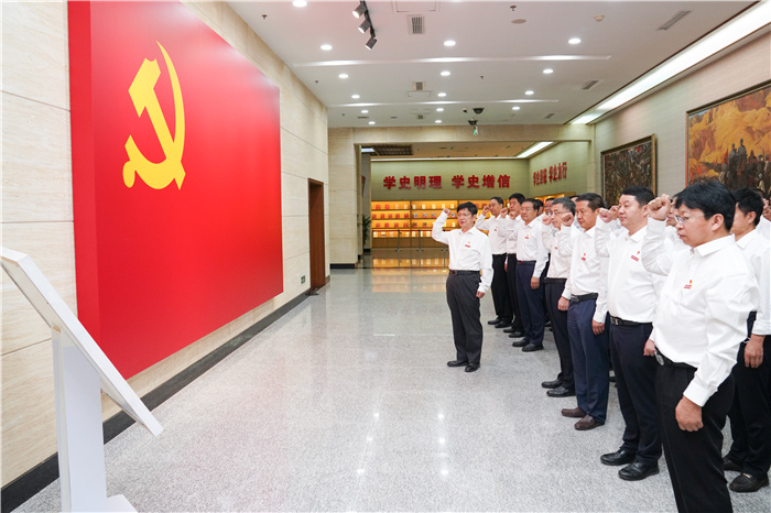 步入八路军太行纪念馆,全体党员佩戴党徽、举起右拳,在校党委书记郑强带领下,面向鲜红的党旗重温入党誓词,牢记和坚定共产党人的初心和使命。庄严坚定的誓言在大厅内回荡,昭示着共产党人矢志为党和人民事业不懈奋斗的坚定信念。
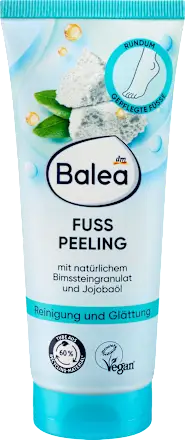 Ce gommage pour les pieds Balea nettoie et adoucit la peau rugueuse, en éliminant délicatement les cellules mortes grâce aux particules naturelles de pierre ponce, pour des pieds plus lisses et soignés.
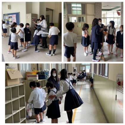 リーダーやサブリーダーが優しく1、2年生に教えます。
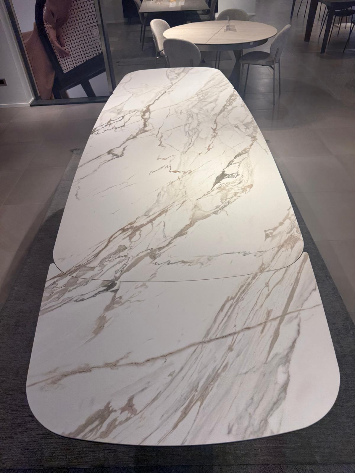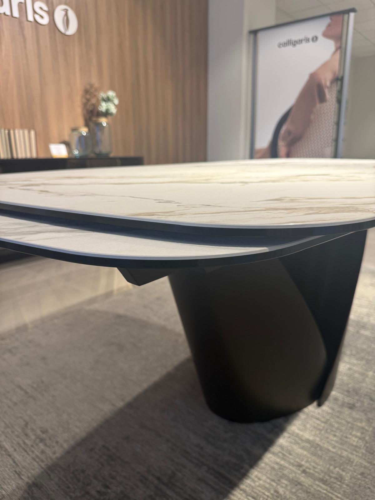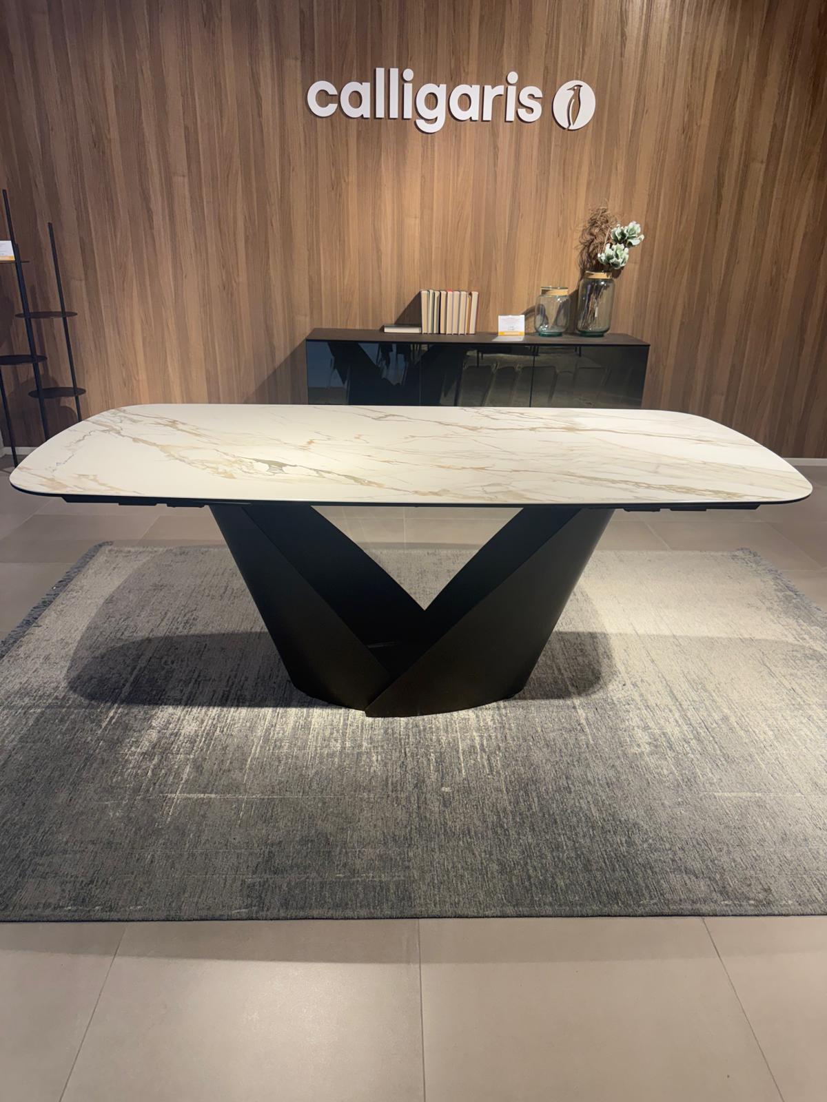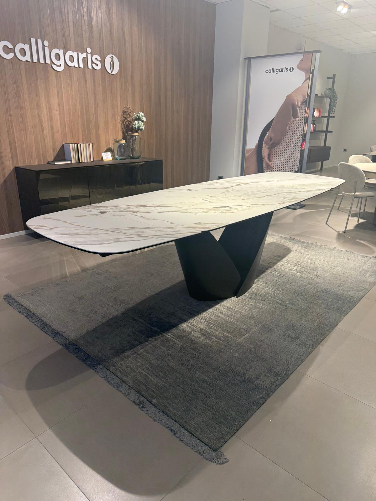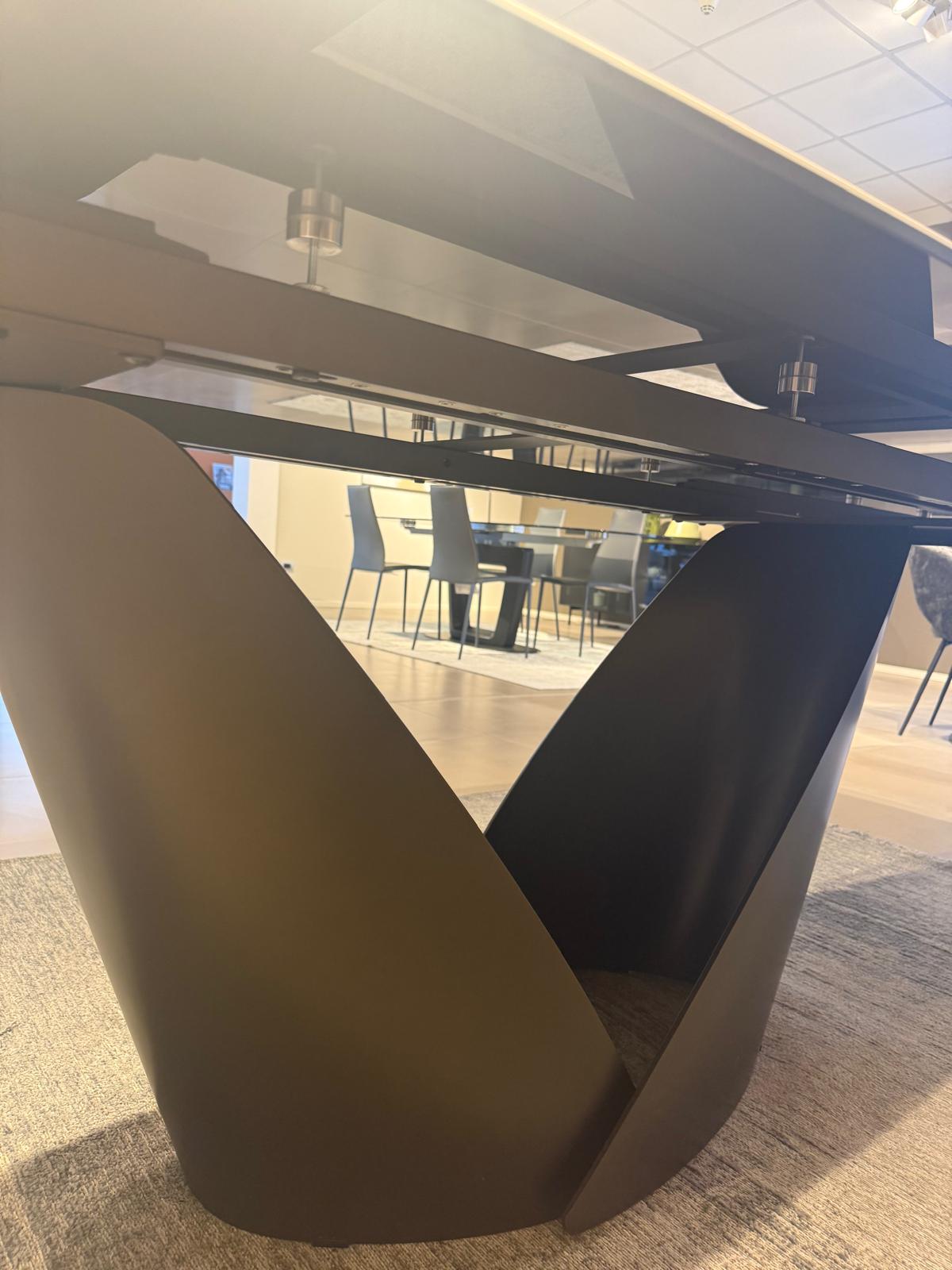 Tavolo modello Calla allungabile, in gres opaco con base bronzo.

[Task requirements] Leaving the pictures out, output each line of the listing exactly.

[Finished exercise]
 步入八路军太行纪念馆,全体党员佩戴党徽、举起右拳,在校党委书记郑强带领下,面向鲜红的党旗重温入党誓词,牢记和坚定共产党人的初心和使命。庄严坚定的誓言在大厅内回荡,昭示着共产党人矢志为党和人民事业不懈奋斗的坚定信念。
 Ce gommage pour les pieds Balea nettoie et adoucit la peau rugueuse, en éliminant délicatement les cellules mortes grâce aux particules naturelles de pierre ponce, pour des pieds plus lisses et soignés.
 リーダーやサブリーダーが優しく1、2年生に教えます。
 Tavolo modello Calla allungabile, in gres opaco con base bronzo.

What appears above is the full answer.